■ Task details:
Every line of the material is to be returned verbatim. Pictures stay out.

■ Available data:
:::

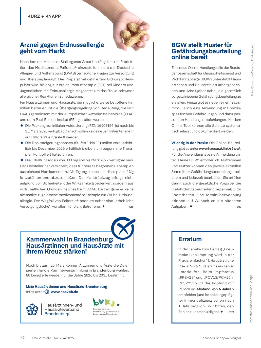 Derzeit gebe es keine alternative zugelassene medikamentöse Therapie zur oralen Immuntherapie bei Erdnussallergie. “Der Wegfall von Palforzia® bedeutet daher eine erhebliche Versorgungslücke – insbesondere für Patientinnen und Patienten, die bereits auf kleinste Mengen Erdnuss schwer reagieren.”
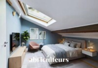 À l’étage, l’espace nuit propose trois chambres sous pente (ou deux chambres + un bureau selon vos besoins), une salle de bain avec WC ainsi que de nombreux rangements optimisés.
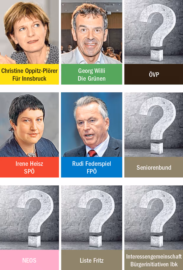 Weitere personelle Fragezeichen: Tritt der Seniorenbund wieder mit Helmut Kritzinger an und wen schicken die NEOS ins Innsbrucker Rennen? Gänzlich unklar ist derzeit noch ein Antreten der Liste Fritz sowie der Interessengemeinschaft Bürgerinitiativen Innsbruck. (mami)

:::

■ Result below:
 Derzeit gebe es keine alternative zugelassene medikamentöse Therapie zur oralen Immuntherapie bei Erdnussallergie. “Der Wegfall von Palforzia® bedeutet daher eine erhebliche Versorgungslücke – insbesondere für Patientinnen und Patienten, die bereits auf kleinste Mengen Erdnuss schwer reagieren.”
 À l’étage, l’espace nuit propose trois chambres sous pente (ou deux chambres + un bureau selon vos besoins), une salle de bain avec WC ainsi que de nombreux rangements optimisés.
 Weitere personelle Fragezeichen: Tritt der Seniorenbund wieder mit Helmut Kritzinger an und wen schicken die NEOS ins Innsbrucker Rennen? Gänzlich unklar ist derzeit noch ein Antreten der Liste Fritz sowie der Interessengemeinschaft Bürgerinitiativen Innsbruck. (mami)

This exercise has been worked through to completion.